Would you transcribe the whole listing exactly and drop its images?

## SUPPLIED MATERIAL
★ ★ ★ ★

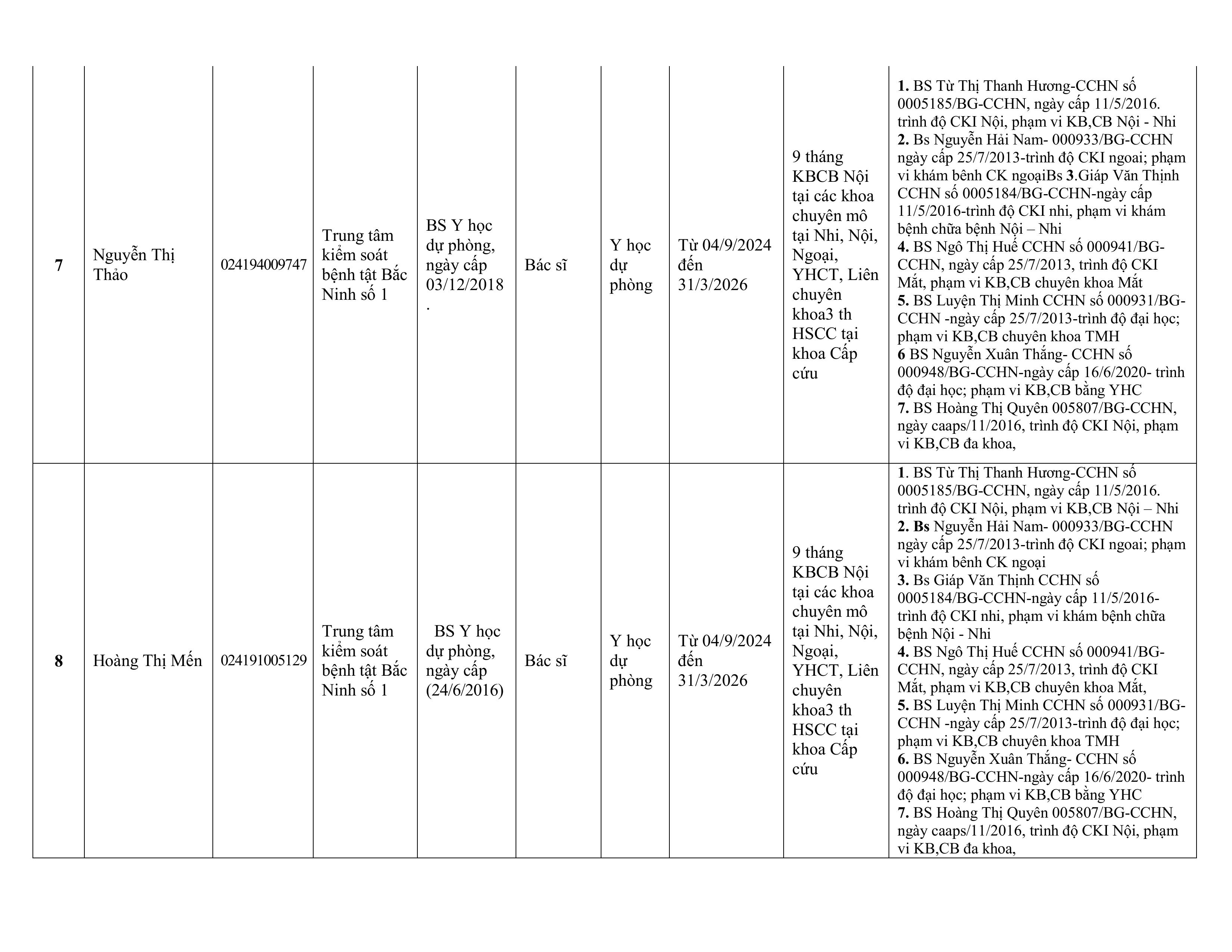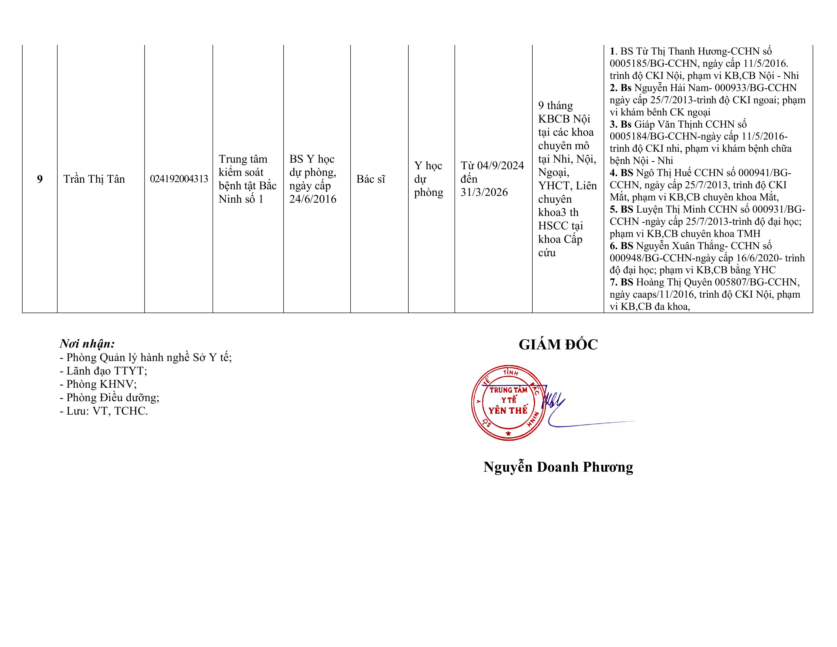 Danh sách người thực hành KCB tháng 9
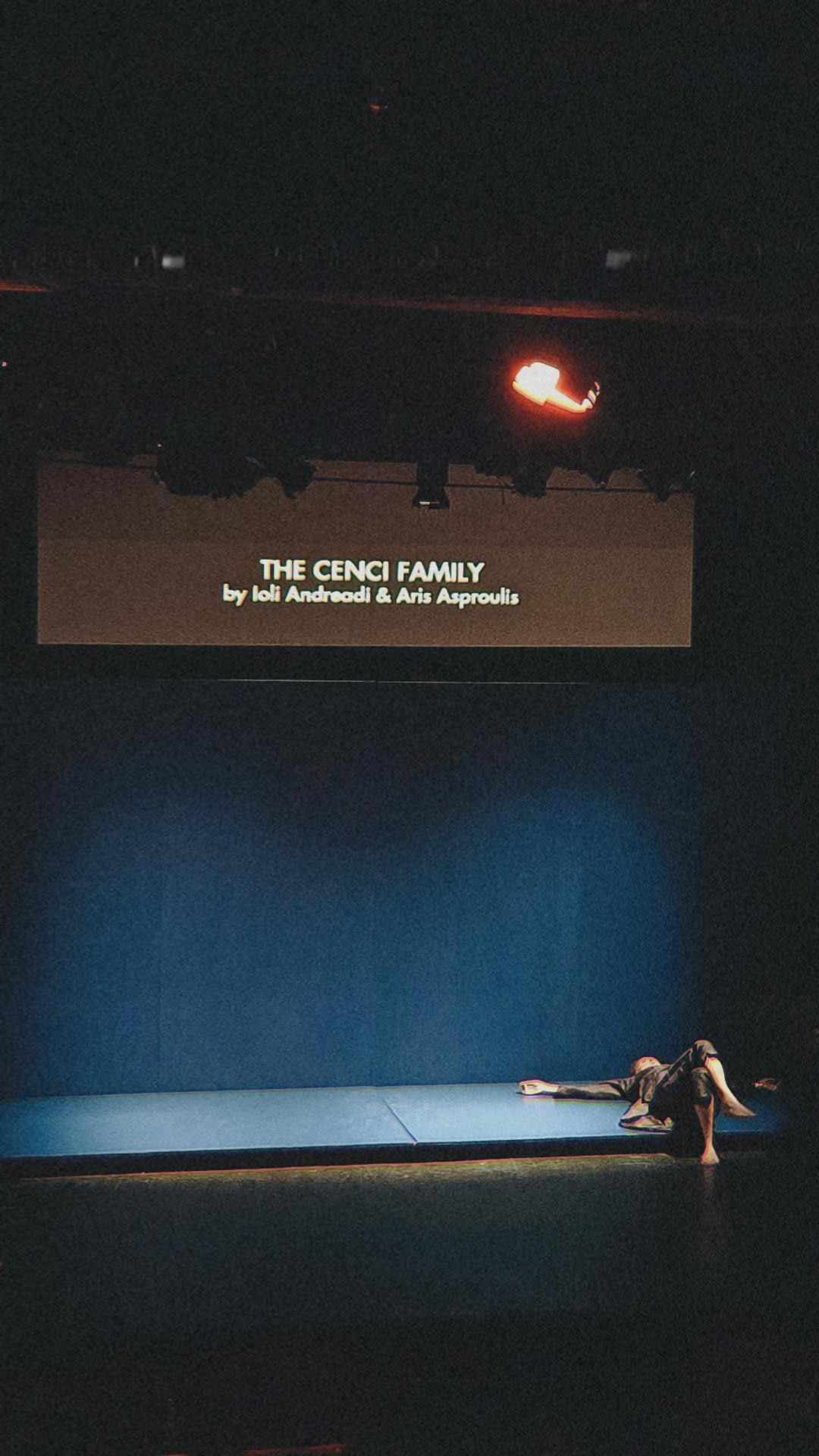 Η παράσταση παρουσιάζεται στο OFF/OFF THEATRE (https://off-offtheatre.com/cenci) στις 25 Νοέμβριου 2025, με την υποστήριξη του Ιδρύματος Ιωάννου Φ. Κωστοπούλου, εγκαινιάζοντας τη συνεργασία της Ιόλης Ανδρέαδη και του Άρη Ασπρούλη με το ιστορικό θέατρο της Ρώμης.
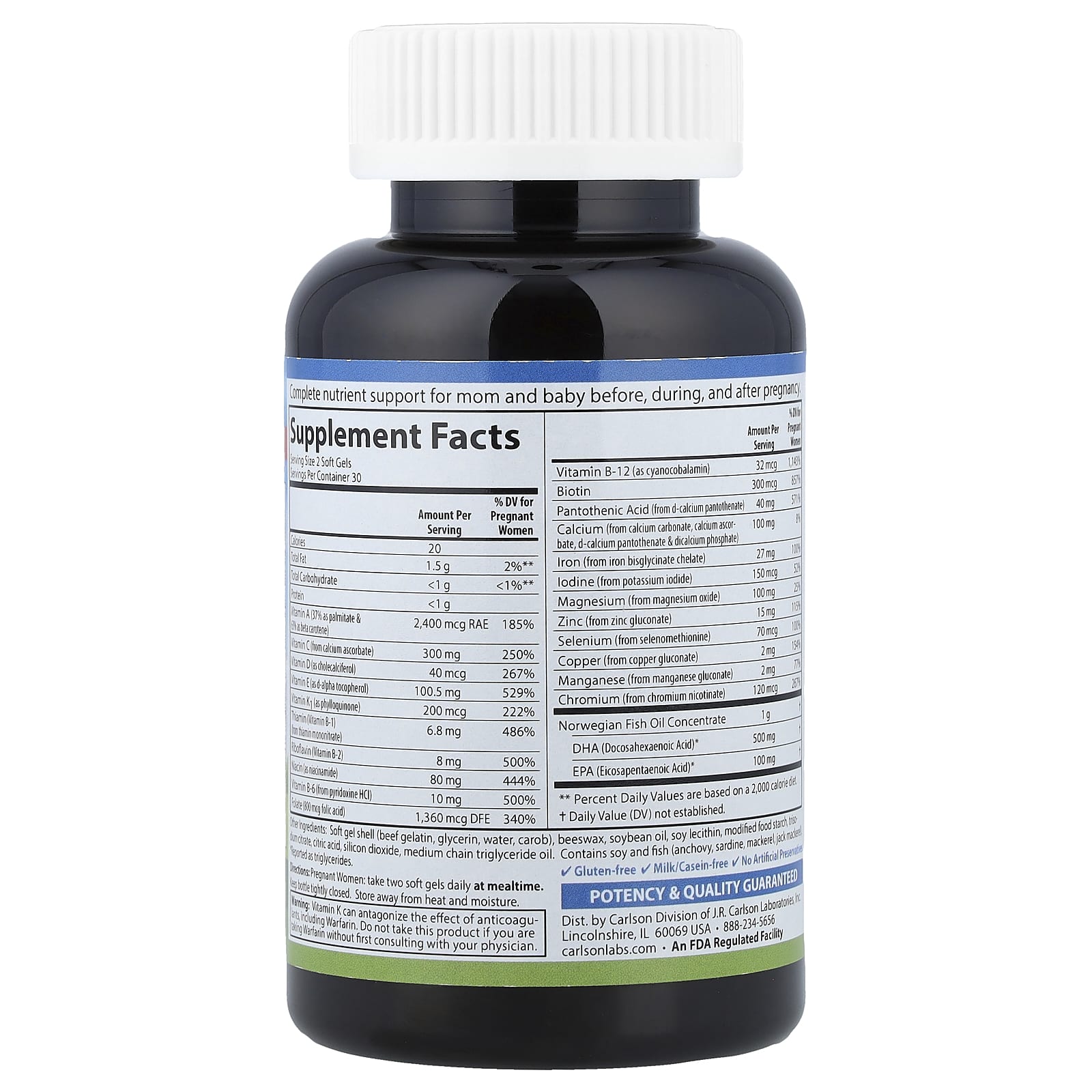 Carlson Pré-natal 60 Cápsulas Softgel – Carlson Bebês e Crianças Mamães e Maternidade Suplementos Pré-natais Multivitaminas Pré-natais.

★ ★ ★ ★

## OUTPUT OF THE TASK
 Danh sách người thực hành KCB tháng 9
 Η παράσταση παρουσιάζεται στο OFF/OFF THEATRE (https://off-offtheatre.com/cenci) στις 25 Νοέμβριου 2025, με την υποστήριξη του Ιδρύματος Ιωάννου Φ. Κωστοπούλου, εγκαινιάζοντας τη συνεργασία της Ιόλης Ανδρέαδη και του Άρη Ασπρούλη με το ιστορικό θέατρο της Ρώμης.
 Carlson Pré-natal 60 Cápsulas Softgel – Carlson Bebês e Crianças Mamães e Maternidade Suplementos Pré-natais Multivitaminas Pré-natais.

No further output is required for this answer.